Они выбрались из кареты и направились к дворцу. Вошли в двери, по сторонам которых стояли два семеновца, поднялись на второй этаж, прошлись по длинному коридору (казалось, ведущему в бесконечность) и остановились. Служивые преградили им дальнейший путь. Пришлось стоять и ждать, пока из тронного зала не вышел Бестужев.
— Привел, князь, — проговорил он. — Хвалю. Теперь постой здесь да подожди. Мы уж как-нибудь без тебя. — Затем взглянул на барона, покачал недовольно головой, и Игнат Севастьянович понял, что канцлер догадался, что тот побывал в Тайной канцелярии. — Ступай за мной.
Барон фон Хаффман вошел в просторный имперский зал, посреди которого стоял трон.

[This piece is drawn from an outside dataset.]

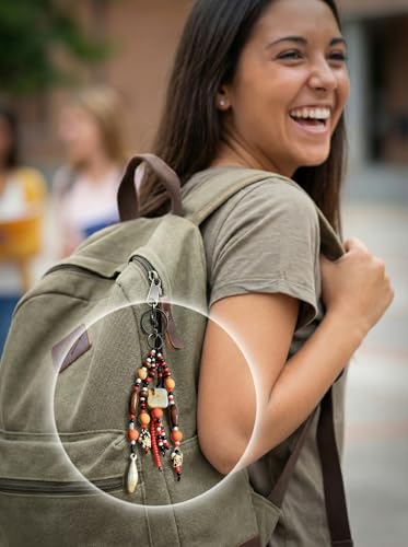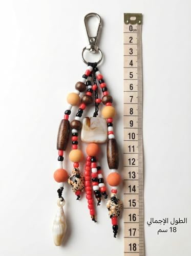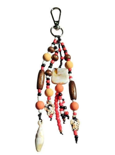 Generic - ميدالية مفاتيح بوهيمية مصنوعة يدوياً بخرز خشبي وصدف طبيعي، تعليقة حقيبة بألوان برتقالي وبني وأحمر، 18 سم

На нем в роскошном платье восседала императрица. Утверждалось, что она никогда не надевала одно и то же платье дважды. На голове аккуратная прическа и диадема. Справа и слева от трона два семеновца. У обоих штыки прикреплены к ружьям. Вдоль стены восседали в креслах дворяне. По памяти Игнат Севастьянович припомнил почти всех. Заметил, как пристально смотрит на него Ушаков, удивленно взирает Кирилл Разумовский, с недоверием пожирает Шувалов.